Pictures appear among the records below and must be omitted. Repeat exactly the lines from the line with "La actividad estuvo" to the line with "這篇文章是在說明如何使用review article去實行evidence based", both included.
***** Dataset
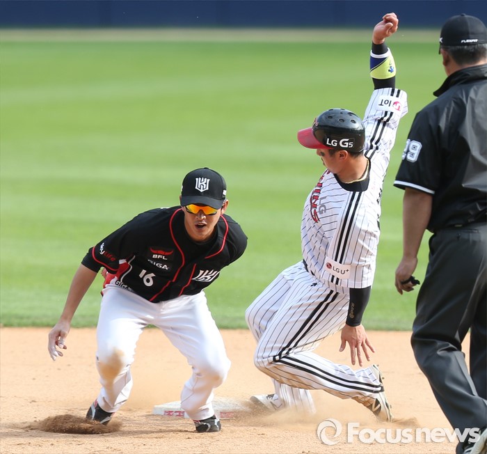 (서울=포커스뉴스) 1일 서울 잠실구장에서 열린 2016 프로야구 kt-LG 경기 7회말 2사후 볼넷으로 출루한 LG 이병규가 오지환 타석때 2루 도루를 시도하다 아웃되고 있다.
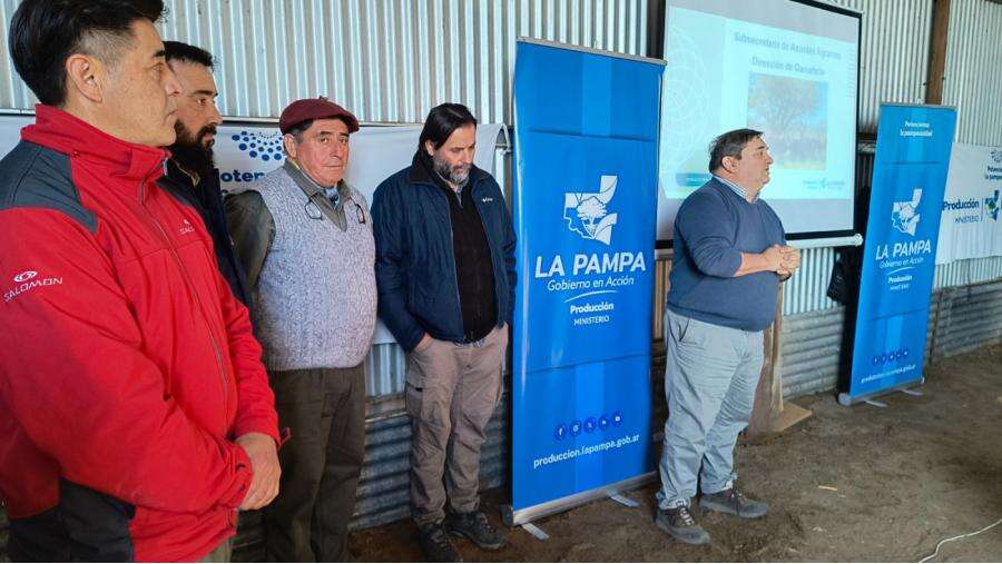 La actividad estuvo encabezada por los directores de Ganadería, Marcelo Lluch y de Recursos Naturales, Carlos Bonnemezón, personal técnico del Ministerio de la Producción, referentes de cada una de las instituciones colaboradoras y un marco importante de 140 productores de diferentes zonas de La Pampa como así también del sur de San Luis.
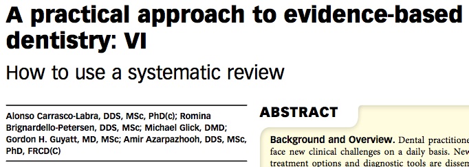 這篇文章是在說明如何使用review article去實行evidence based dentistry, 之前也有幾篇文章在講這個主題. 有興趣者請看全文, 我也是擷取重點如下:
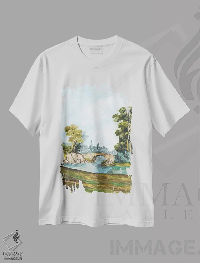 تیشرت سفید طرح دار کاغذ دیواری منظره دار فرانسوی سه، دکور معاصر اثر نائومی مک کاویت | فروشگاه ایماژ تیشرت طرح دار کاغذ دیواری منظره دار فرانسوی سه اثر نائومی مک کاویت
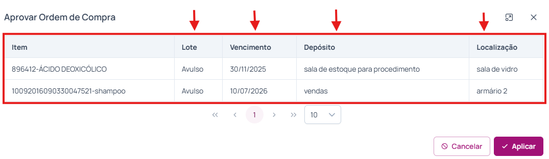 Ao selecionar a ordem de compra, basta clicar sobre Aprovar e o sistema trará uma mensagem solicitando se “Deseja realmente aprovar esta Ordem de Compra?”, basta clicar sobre “Sim” e então a primeira etapa da aprovação será disponibilizada, onde as datas de vencimento de todos os itens deverão ser preenchidos. Para isso, basta dar um duplo clique sobre o campo de vencimento para informá-lo, fica também disponível o lote dos itens, o qual por padrão virá como “Avulso”, mas pode também ser alterado se necessário.
**********
_Answer to this problem:_
 La actividad estuvo encabezada por los directores de Ganadería, Marcelo Lluch y de Recursos Naturales, Carlos Bonnemezón, personal técnico del Ministerio de la Producción, referentes de cada una de las instituciones colaboradoras y un marco importante de 140 productores de diferentes zonas de La Pampa como así también del sur de San Luis.
 這篇文章是在說明如何使用review article去實行evidence based dentistry, 之前也有幾篇文章在講這個主題. 有興趣者請看全文, 我也是擷取重點如下:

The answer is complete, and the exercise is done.